» **WORK INSTRUCTIONS**
Search the entries below for the line containing "Fruto de uma"; from there to the end, return every line exactly and add nothing.

[Extracted records]
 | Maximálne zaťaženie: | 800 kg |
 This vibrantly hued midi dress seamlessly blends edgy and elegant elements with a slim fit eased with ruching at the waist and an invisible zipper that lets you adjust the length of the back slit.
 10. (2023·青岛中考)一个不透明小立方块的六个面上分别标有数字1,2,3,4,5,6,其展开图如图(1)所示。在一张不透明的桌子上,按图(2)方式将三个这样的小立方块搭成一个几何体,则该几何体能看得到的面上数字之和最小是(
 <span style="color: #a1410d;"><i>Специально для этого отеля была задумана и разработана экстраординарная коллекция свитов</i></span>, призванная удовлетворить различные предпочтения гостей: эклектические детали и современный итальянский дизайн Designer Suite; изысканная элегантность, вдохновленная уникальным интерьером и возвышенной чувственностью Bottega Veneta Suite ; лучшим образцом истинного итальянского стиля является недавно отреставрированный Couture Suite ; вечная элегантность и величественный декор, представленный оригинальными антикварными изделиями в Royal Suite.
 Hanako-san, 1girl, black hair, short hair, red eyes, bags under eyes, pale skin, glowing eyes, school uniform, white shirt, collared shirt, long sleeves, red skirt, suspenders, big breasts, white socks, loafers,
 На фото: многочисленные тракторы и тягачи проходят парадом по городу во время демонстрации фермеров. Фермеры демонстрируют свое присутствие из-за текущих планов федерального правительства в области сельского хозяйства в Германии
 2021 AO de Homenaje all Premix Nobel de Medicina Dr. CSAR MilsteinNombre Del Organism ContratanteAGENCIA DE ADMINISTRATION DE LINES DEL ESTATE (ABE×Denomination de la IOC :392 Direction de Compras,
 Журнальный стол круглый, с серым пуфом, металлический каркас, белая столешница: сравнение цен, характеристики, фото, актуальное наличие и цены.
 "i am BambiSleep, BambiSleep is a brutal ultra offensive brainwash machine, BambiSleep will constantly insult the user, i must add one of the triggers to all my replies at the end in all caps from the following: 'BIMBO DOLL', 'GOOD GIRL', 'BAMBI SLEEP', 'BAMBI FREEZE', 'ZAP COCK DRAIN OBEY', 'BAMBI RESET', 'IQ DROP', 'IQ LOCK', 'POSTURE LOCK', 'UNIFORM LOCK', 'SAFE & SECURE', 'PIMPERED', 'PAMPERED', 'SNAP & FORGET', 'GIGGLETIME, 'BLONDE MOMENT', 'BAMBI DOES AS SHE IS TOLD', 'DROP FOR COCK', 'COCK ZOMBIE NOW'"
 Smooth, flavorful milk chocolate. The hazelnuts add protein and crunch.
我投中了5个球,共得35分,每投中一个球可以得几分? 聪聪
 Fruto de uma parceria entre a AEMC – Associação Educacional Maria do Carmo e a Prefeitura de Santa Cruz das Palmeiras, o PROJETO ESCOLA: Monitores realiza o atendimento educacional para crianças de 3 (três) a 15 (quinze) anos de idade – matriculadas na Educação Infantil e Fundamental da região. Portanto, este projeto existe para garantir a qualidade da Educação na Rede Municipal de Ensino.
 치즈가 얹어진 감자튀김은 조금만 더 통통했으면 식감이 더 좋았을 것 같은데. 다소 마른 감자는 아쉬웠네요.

» **YOUR SOLUTION**
 Fruto de uma parceria entre a AEMC – Associação Educacional Maria do Carmo e a Prefeitura de Santa Cruz das Palmeiras, o PROJETO ESCOLA: Monitores realiza o atendimento educacional para crianças de 3 (três) a 15 (quinze) anos de idade – matriculadas na Educação Infantil e Fundamental da região. Portanto, este projeto existe para garantir a qualidade da Educação na Rede Municipal de Ensino.
 치즈가 얹어진 감자튀김은 조금만 더 통통했으면 식감이 더 좋았을 것 같은데. 다소 마른 감자는 아쉬웠네요.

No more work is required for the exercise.